Lebanese Army Told To "Stand With Hezbollah"
(Hat-Tip: Pajamas Media and My Pet Jawa
From The UK Guardian piece:
An internal Lebanese army statement, circulated among forces in the past week, has called for troops to stand "alongside your resistance and your people who astonished the world with its steadfastness and destroyed the prestige of the so-called invincible army after it was defeated".
The circular has alarmed ministers in the Lebanese cabinet who had been calling for the army to disarm Hizbullah.

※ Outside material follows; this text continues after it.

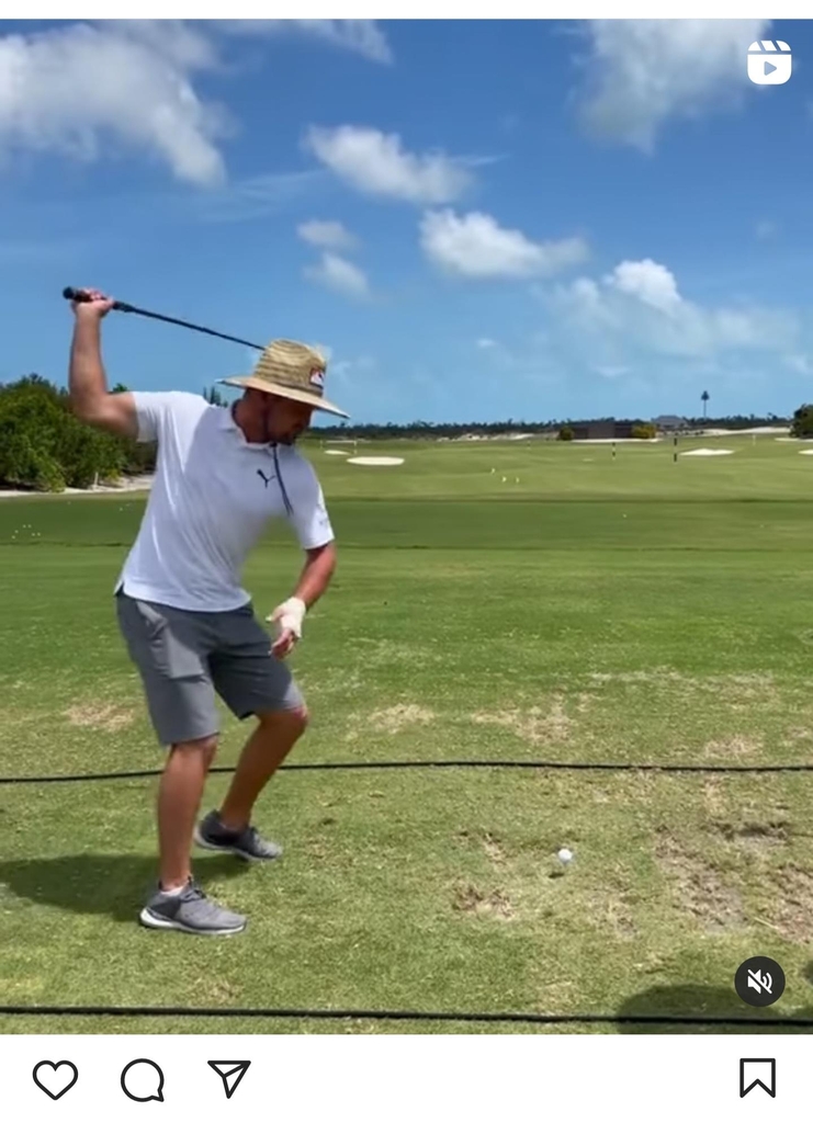| ▲ 한 손으로 스윙 연습을 하는 브라이슨 디섐보 [디섐보 인스타그램 캡처. 재판매 및 DB 금지] |

It will also fuel the concerns of Israel, the US and the UN security council that the Lebanese army is incapable of securing the south of the country, adding increased urgency to the calls for a multinational force to be swiftly deployed.

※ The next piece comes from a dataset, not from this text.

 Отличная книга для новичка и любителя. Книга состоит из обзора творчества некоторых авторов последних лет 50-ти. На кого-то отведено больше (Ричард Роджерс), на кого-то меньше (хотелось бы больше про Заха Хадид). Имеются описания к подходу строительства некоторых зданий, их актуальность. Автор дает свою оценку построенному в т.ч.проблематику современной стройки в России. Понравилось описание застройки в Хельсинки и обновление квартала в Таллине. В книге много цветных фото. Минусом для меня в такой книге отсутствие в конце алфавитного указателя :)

In addition to the above report, there is this piece from the International Herald Tribune:
As stunned Lebanese returned over broken roads to shattered apartments in the south, it increasingly seems that the beneficiary of the destruction is most likely to be Hezbollah.
A major reason - in addition to its hard-won reputation as the only Arab force that has fought Israel to a standstill - is that it is already dominating the efforts to rebuild with a torrent of money from oil-rich Iran. ...
... Across southern Lebanon on Tuesday, hundreds of Hezbollah members were cleaning, organizing, and surveying damage in dozens of villages. Men on bulldozers were busy scraping lanes through giant piles of rubble.
Roads that had been blocked with smashed buildings are now, just a day after a cease-fire, fully passable.
In Srifa, a Hezbollah official said that the party would offer an initial $10,000 payment to residents to help pay for the year of rent, buy new furniture, and help feed families.
In Taibe, a town where fighting was so heavy that large chunks were missing from walls and buildings were sprayed with bullets, the Audi family looked woefully at their windowless, bullet-and-shrapnel-torn house. Two Hezbollah volunteers stood by.
Hezbollah also has its own ambulance service. In Bint Jbail, Hezbollah ambulances - large, new GMC vehicles with flashing lights on the top - ferried bodies of fighters, brought out of mountains of rubble, to their graves.
Hezbollah's reputation as an efficient grass-roots social service network - as opposed to the government, regarded by many here as sleek men in suits doing well - was in evidence everywhere. ...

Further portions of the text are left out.